JAKARTA, KOMPAS.com - Pajak kripto kembali menjadi perbincangan setelah muncul diskusi mengenai penerapan pajak terhadap airdrop serta transaksi di luar negeri.
CEO Indodax Oscar Darmawan menyatakan, meski regulasi pajak kripto sudah berjalan sejak 2022, masih ada tantangan dalam implementasinya, terutama terkait pajak transaksi luar negeri dan adanya Pajak Pertambahan Nilai (PPN).
Kripto pertama kali dikenakan pajak pada 2017 setelah dinyatakan sebagai komoditas yang
sah diperdagangkan berdasarkan peraturan Menteri Perdagangan. Pada periode 2017-2022,
pajak yang dikenakan bersifat self-reporting, di mana pendapatan dari kripto dilaporkan
dalam SPT dan dikenakan Pajak Penghasilan (PPh) progresif.
Baca juga: Pemerintah Atur Ulang Pajak Kripto Sesuai PPN 12 Persen, Apa Dampaknya ke Industri?
Sejak 2022, pemerintah Indonesia menerapkan pajak final terhadap transaksi aset kripto di exchange berizin, yaitu Pajak Penghasilan (PPh) Final sebesar 0,1 persen dan Pajak Pertambahan Nilai (PPN) sebesar 0,11 persen.

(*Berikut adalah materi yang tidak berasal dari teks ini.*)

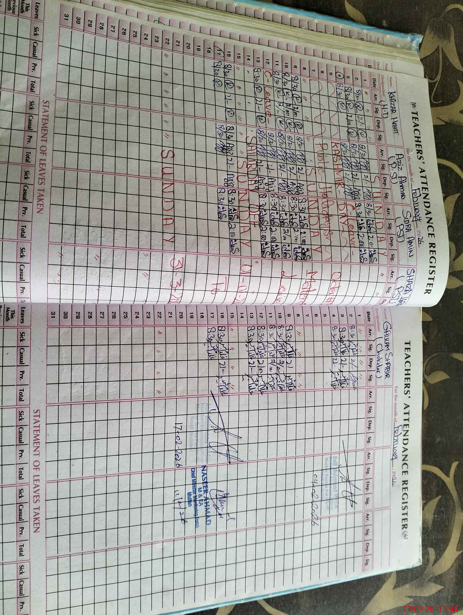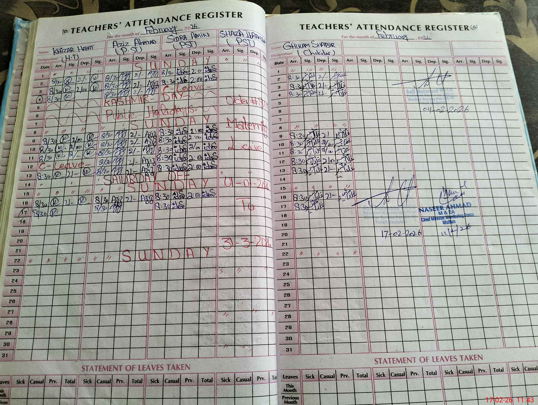 | Remarks (Use Separate Page if Required): Mis Shazia Ibrahim is on C-Leave from 1-1-2026 to 31-3-2026 | |||||

Skema ini menjadikan Indonesia sebagai salah satu negara dengan tarif pajak kripto paling rendah di dunia.
"Kebijakan ini lebih kompetitif dibandingkan negara-negara lain yang menerapkan pajak progresif berdasarkan keuntungan," ujar Oscar dalam keterangannya, Jumat (21/2/2025).
Di Amerika Serikat, misalnya, pajak atas keuntungan dari aset kripto bisa mencapai 40 persen, terutama bagi investor dengan penghasilan tinggi. Sementara itu, di Eropa, tarif pajak atas keuntungan dari kripto dapat mencapai 50 persen.
Baca juga: Penerimaan Pajak Kripto di Indonesia Tembus Rp 1,09 Triliun pada 2024
Sebaliknya, di Dubai dan beberapa negara Timur Tengah, tidak ada pajak penghasilan, sehingga transaksi kripto sepenuhnya bebas pajak.
Menurut Oscar, Indonesia menjadi satu-satunya negara yang menerapkan sistem pajak final
untuk kripto, serupa dengan mekanisme perpajakan di pasar saham.